This is an interesting question and I did a quick research.
The OP asked about regression for continuous data. But the paper cited by @Vikram only works for classification.
Lu, Z., Kaye, J., & Leen, T. K. (2009). Hierarchical Fisher Kernels
for Longitudinal Data. In Advances in Neural Information Processing
Systems.
A related paper for regression I found is the following. Technical details can be found in Section 2.3.
Seok, K. H., Shim, J., Cho, D., Noh, G. J., & Hwang, C. (2011).
Semiparametric mixed-effect least squares support vector machine for
analyzing pharmacokinetic and pharmacodynamic data. Neurocomputing,
74(17), 3412-3419.
No public software is found but the authors claimed the ease of use at the end of the paper.

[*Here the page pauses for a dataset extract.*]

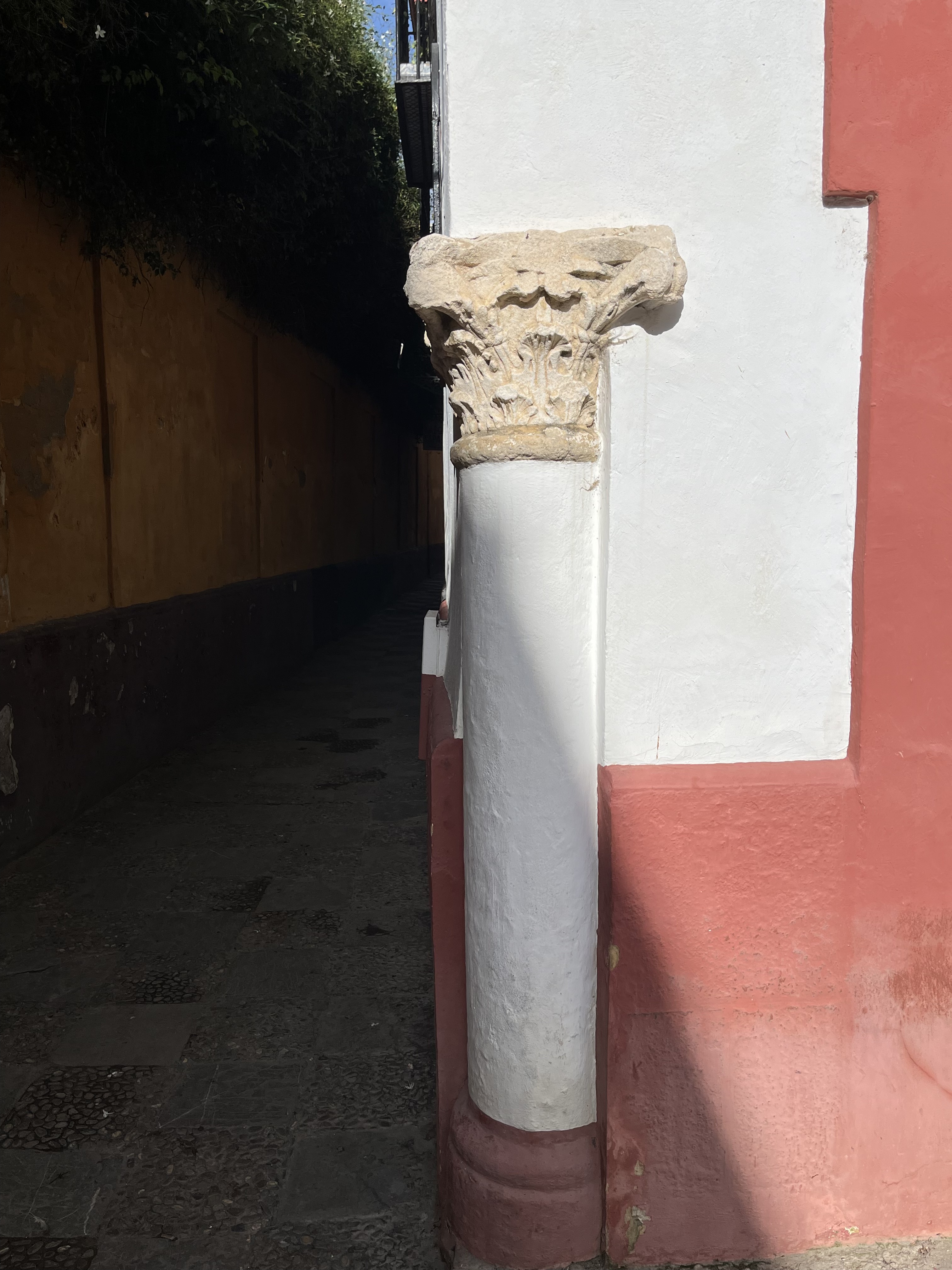 As in many ancient cities, successive conquerors reused the Roman temples and buildings to construct their own monumental buildings, including the Moors, who were renowned builders and architects and whose legacy is found everywhere on the Iberian Peninsula. For example, first mosques, and then cathedrals, reused granite and marble from Roman ruins to build the bases of their buildings. Roman columns were widely used on street corners to prevent horse-drawn carriages from smashing corner houses. Below are examples of the foundations, corner protectors and part of the remaining Roman walls.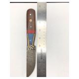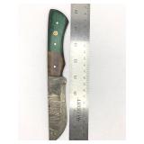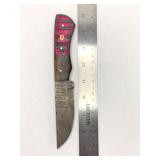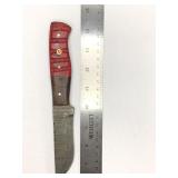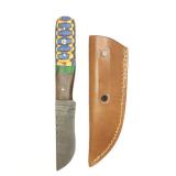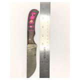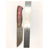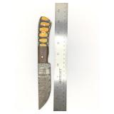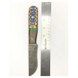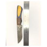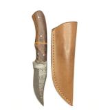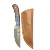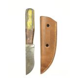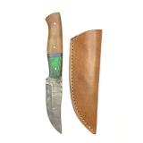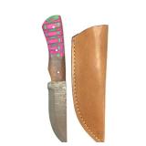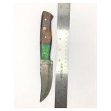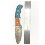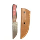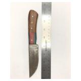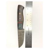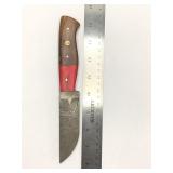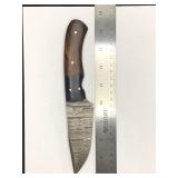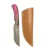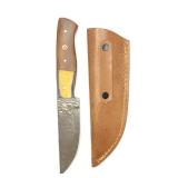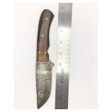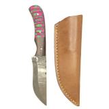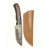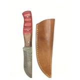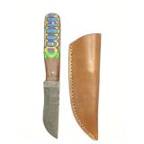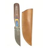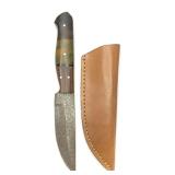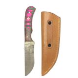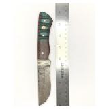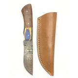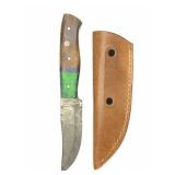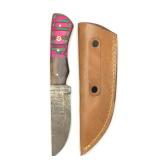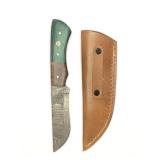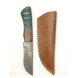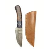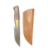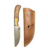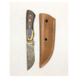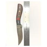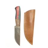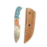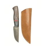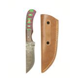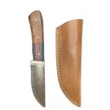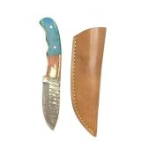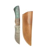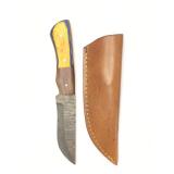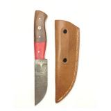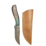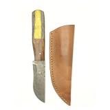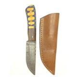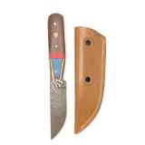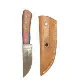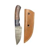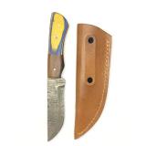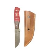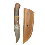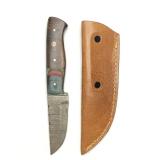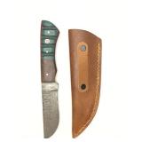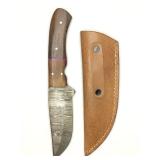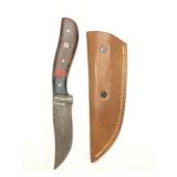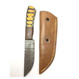 Damascus skinning knife with sheath. 4 1/4 inch blade length.

The main advantage of the proposed LS-SVM ... is that regression estimators
can be easily computed by softwares solving a simple linear
equation system. This makes it easier to apply the proposed
approach to the analysis of repeated measurement data in practice.
To elaborate a bit more, there are two approaches for regression analysis using SVM (support vector machine):
- support vector regression (SVR) [Drucker, Harris; Burges, Christopher J. C.; Kaufman, Linda; Smola, Alexander J.; and Vapnik, Vladimir N. (1997); "Support Vector Regression Machines", in Advances in Neural Information Processing Systems 9, NIPS 1996, 155–161]
- least squares support vector machine (LS-SVM) [Suykens, Johan A. K.; Vandewalle, Joos P. L.; Least squares support vector machine classifiers, Neural Processing Letters, vol. 9, no. 3, Jun. 1999, pp. 293–300.]
The aforementioned Seol et al. (2011) adopted the LS-VSM approach.